Authors :
Presenting Author: Leock Y Ngo, PhD – Pharma Industry
Presenting Author: Leock Y Ngo, PhD – Pharma Industry
Presenting Author: Leock Y Ngo, PhD – Pharma Industry
Presenting Author: Leock Y Ngo, PhD – Pharma Industry
Liang Zhu, PhD – Biostatistics – Eisai; Anna Patten, PhD – Biostatistics – Eisai; Jocelyn Cheng, MD – Neurology – Eisai; Jacqueline French, MD – Neurology – New York University Grossman School of Medicine; Wesley kerr, MD, PhD – Neurology – University of Pittsburgh
Rationale:
Parallel‑group randomized clinical trials (RCTs) are the mainstay to evaluate the efficacy of novel treatments for epilepsy, but their design has not changed in decades. Static assignment of participants to placebo or ineffective treatment confers risk, including an increased risk of Sudden Unexpected Death in Epilepsy (SUDEP). In the alternative Time to Pre-randomization monthly Seizure Count (T-PSC) design, participants’ response to blinded treatment is measured until they either have the same or more seizures than their average pre-randomization monthly seizure count (PSC) or reach the standard 12-week maintenance period, whichever happens first. This T-PSC design has shown promise to replicate the efficacy conclusions of numerous RCTs. We evaluated if this T-PSC design could also replicate the safety conclusions of a trial by analyzing how often treatment-emergent adverse events (TEAEs) occurred before T-PSC.
Methods:
We retrospectively applied the T-PSC design to analyze TEAEs from a blinded, placebo-controlled trial of perampanel for primary generalized tonic-clonic seizures (NCT01393743). The Safety Analysis Set consisted of 81 and 82 participants randomized to perampanel and placebo arms, respectively. We evaluated the incidences of TEAEs (regardless of causality), treatment-related TEAEs, and serious TEAEs that occurred before T-PSC relative to those observed during the full-length trial.
Results:
Of the 67 participants who experienced TEAEs in the perampanel arm during full-length trial, 66 (99%) participants experienced TEAEs with onset occurring before T-PSC. Similarly, of the 59 participants experienced TEAEs in the placebo arm during full-length trial, 54 (92%) participants reported TEAEs with onset occurring before T-PSC (Table 1). When limited to treatment-related TEAEs, 32/37 (86%) and 55/56 (98%) of participants reported treatment-related TEAEs that occurred before T-PSC in placebo and perampanel arms, respectively. Treatment-related TEAEs were more likely to occur before T-PSC for perampanel relative to placebo (odds ratio 8.6, p=0.035). Serious TEAEs occurred before T-PSC in 6/7 (86%) and 4/6 (67%) of participants receiving placebo and perampanel, respectively. Two deaths occurred in the full-length trial; both events occurred before T-PSC. TEAEs leading to study drug adjustments (mainly study drug withdrawal or dose reduction) occurred before T-PSC in 8/10 (80%) and 15/16 (94%) participants in the placebo and perampanel arms, respectively.
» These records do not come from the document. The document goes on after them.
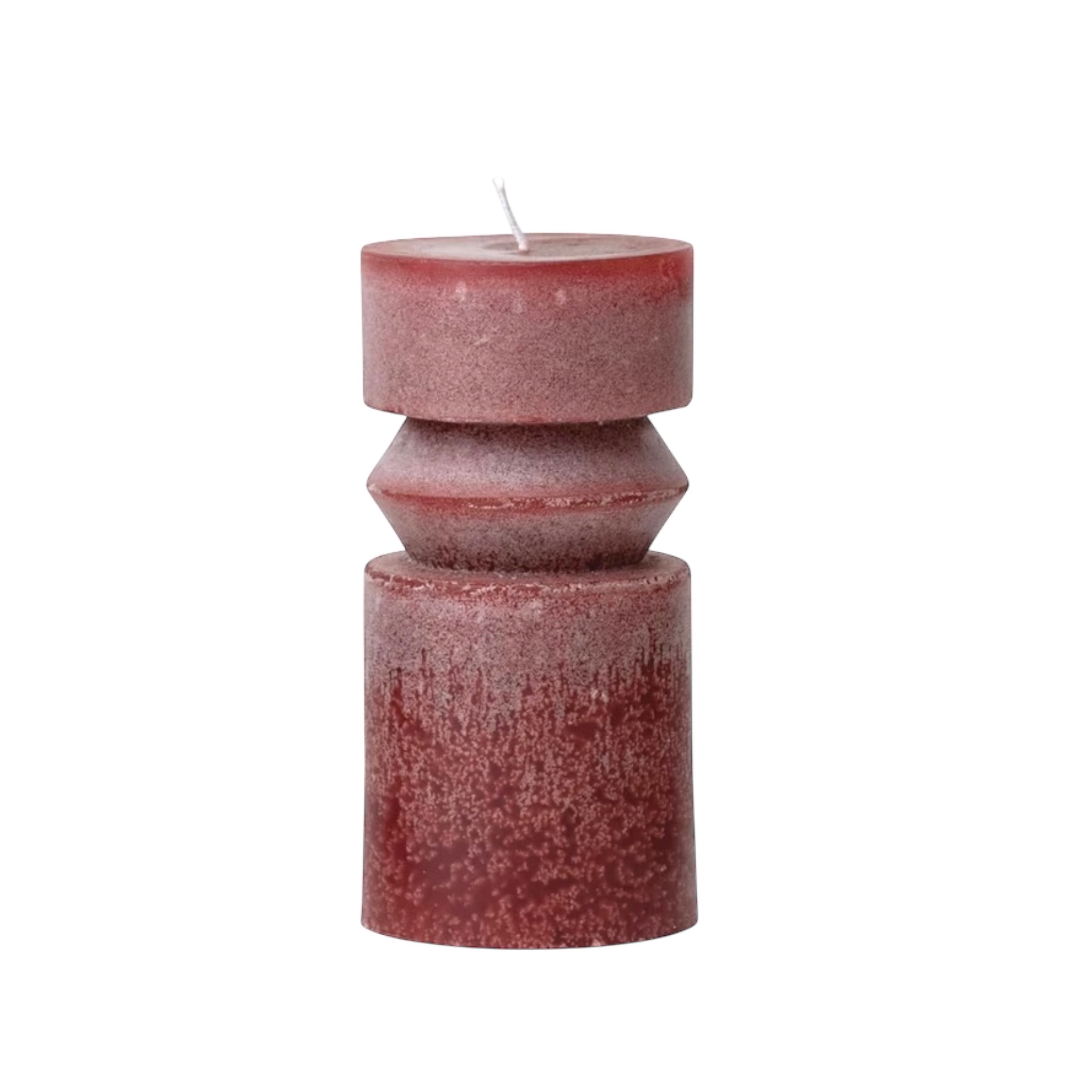 This intricately carved totem pillar candle showcases a striking sculptural design. Mix and match the hues and sculptural silhouettes of our artfully crafted totems and tapers for a refined candlelight arrangement on a dining table or mantelpiece.
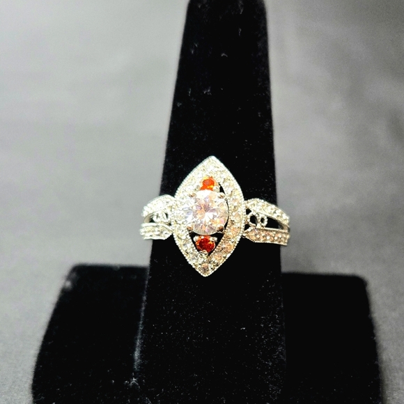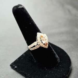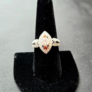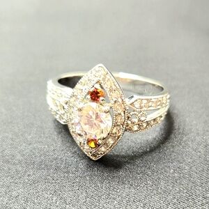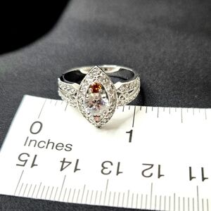Faux white diamond and citrine ring. It's very pretty and authentic looking. Very eye-catching. Silver plate band has some minor scratches upon close inspection. Otherwise it's in good pre-owned condition.
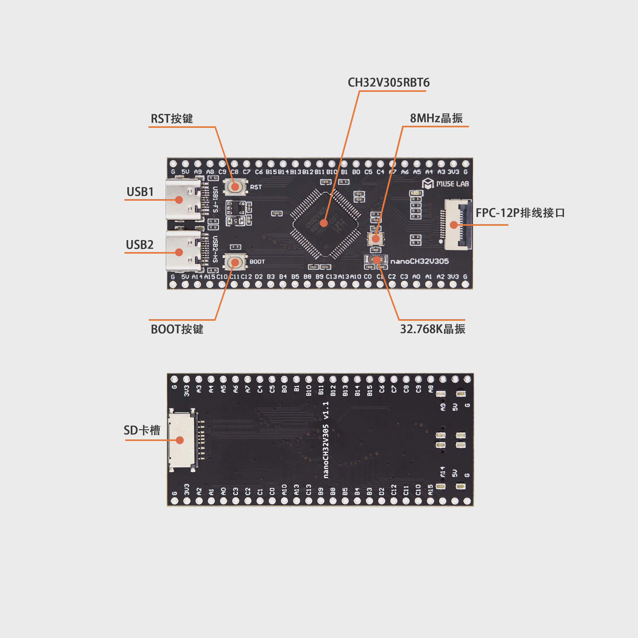 CH32V305开发板最小系统板核心板RISC-V开源双TYPE C接口USB高速 - 珺乐光绘歌专卖店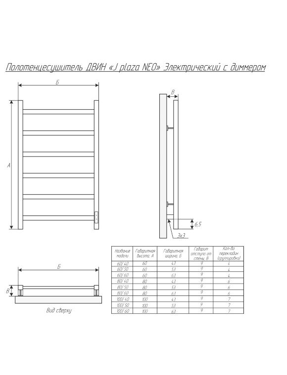 Полотенцесушитель ДВИН J plaza neo 80/40 Электрический К диммер квадрат Полированный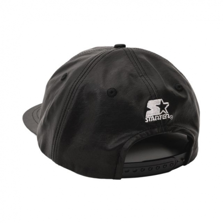 80年代後半〜90年代前半の STARTER プロダクトをイメージしたキャップで、STARTER の代名詞とも言える 6パネル Snapback をチョイスし、オールドスクール感溢れるカウレザー(本牛革)をボディに使用。フロントにはレザーのリッチな雰囲気に合わせたマネーモチーフの刺繍、後部には STARTER ロゴの刺繍が入ります。製品内側にはコラボレーションタグが付属します。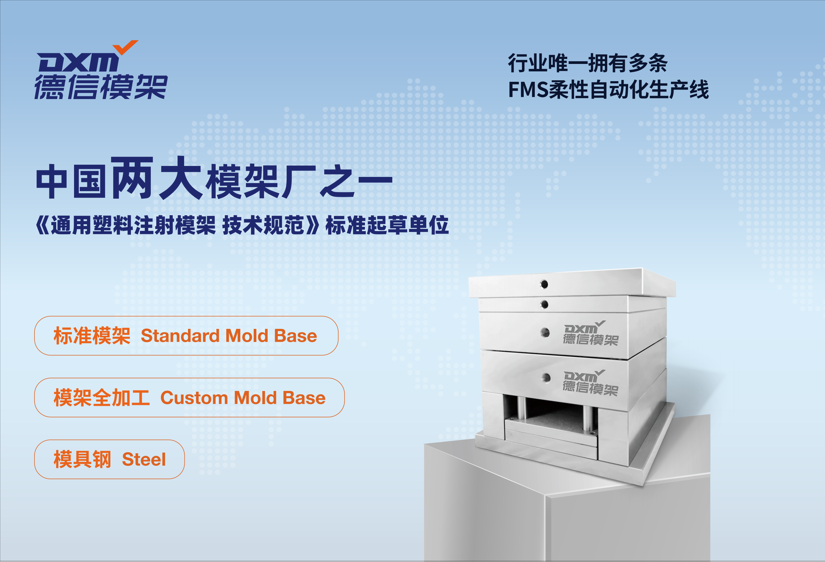 广东德信模钢实业有限公司于2010年8月18日在广东省汕头市创立。经过十三年的发展,已成为国内模架行业较具影响力的品牌。公司在华南、华东、东南亚等50个城市和地区设立服务网点,截止目前,累计服务超20000 +家塑胶制品及模具企业客户,优质的产品和良好的信誉,为其快速发展奠定了坚实基础。

Conclusions: Almost all TEAEs occurred before T-PSC. More treatment-related TEAEs occurred after T-PSC for participants randomized to placebo than perampanel, which may either be due to a shorter T-PSC or delayed time to TEAE for placebo. This analysis suggests the T-PSC design was sufficient to evaluate the safety of perampanel.
Funding: Eisai, the American Epilepsy Society, the Epilepsy Foundation, the American Academy of Neurology, the American Brain Foundation.